— Activity —
Your job with the data below: print everything from the line that holds "PAUL MCCARTNEY AND" down to the line that holds "Современный и прочный", ends included, exactly, and nothing else.

— Dataset records —
* * * * *
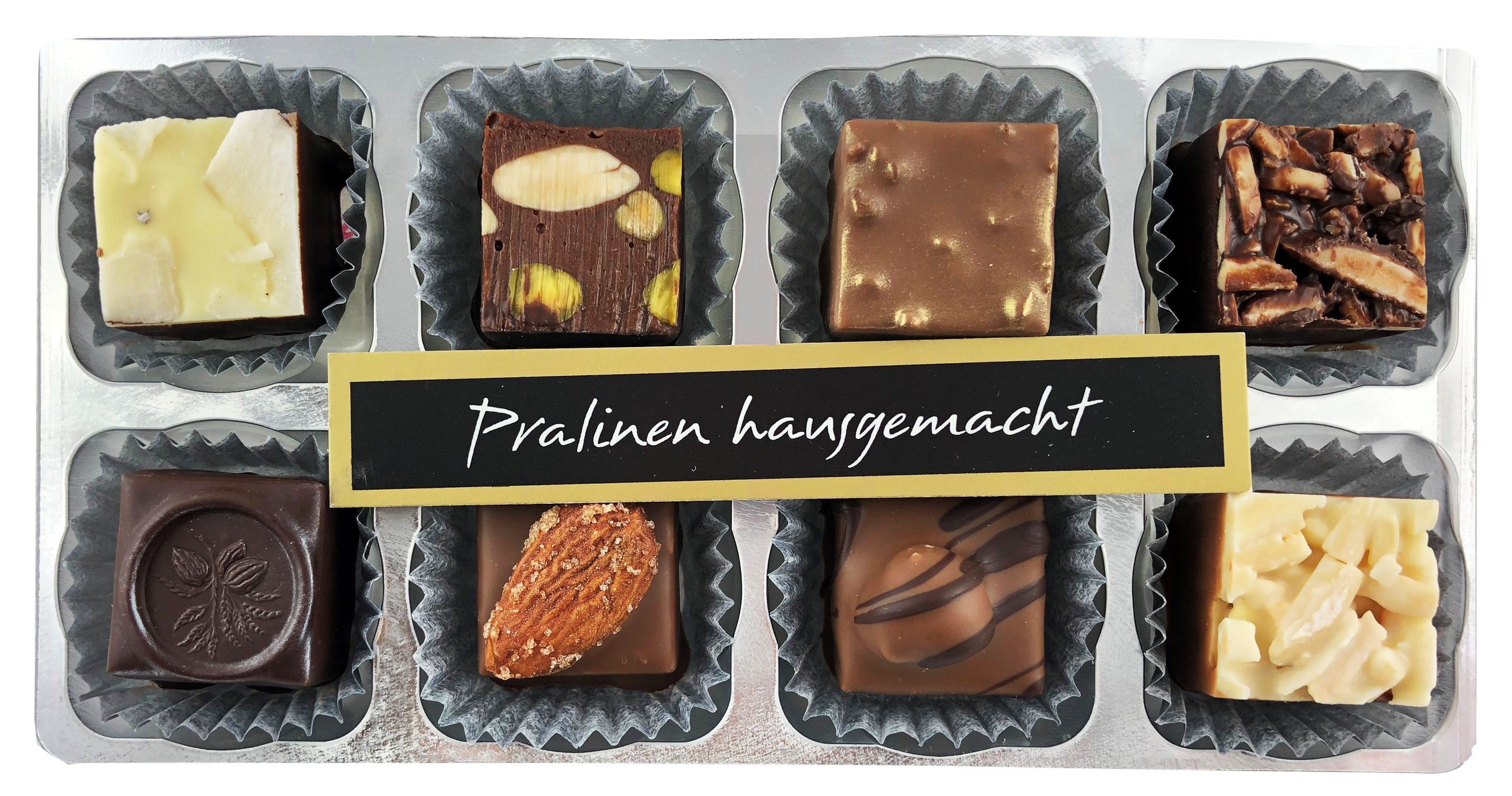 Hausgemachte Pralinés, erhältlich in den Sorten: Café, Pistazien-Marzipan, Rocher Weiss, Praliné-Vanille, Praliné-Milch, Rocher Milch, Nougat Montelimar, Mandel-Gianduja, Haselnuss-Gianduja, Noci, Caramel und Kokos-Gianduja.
* * * * *
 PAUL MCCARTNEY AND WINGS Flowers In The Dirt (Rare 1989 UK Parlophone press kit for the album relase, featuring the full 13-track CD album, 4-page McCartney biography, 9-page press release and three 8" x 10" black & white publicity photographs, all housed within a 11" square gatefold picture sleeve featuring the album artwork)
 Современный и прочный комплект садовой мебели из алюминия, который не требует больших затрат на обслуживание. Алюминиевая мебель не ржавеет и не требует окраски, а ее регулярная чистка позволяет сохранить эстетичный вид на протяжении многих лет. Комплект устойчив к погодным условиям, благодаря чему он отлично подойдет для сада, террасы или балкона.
* * * * *
— Finished task —
 PAUL MCCARTNEY AND WINGS Flowers In The Dirt (Rare 1989 UK Parlophone press kit for the album relase, featuring the full 13-track CD album, 4-page McCartney biography, 9-page press release and three 8" x 10" black & white publicity photographs, all housed within a 11" square gatefold picture sleeve featuring the album artwork)
 Современный и прочный комплект садовой мебели из алюминия, который не требует больших затрат на обслуживание. Алюминиевая мебель не ржавеет и не требует окраски, а ее регулярная чистка позволяет сохранить эстетичный вид на протяжении многих лет. Комплект устойчив к погодным условиям, благодаря чему он отлично подойдет для сада, террасы или балкона.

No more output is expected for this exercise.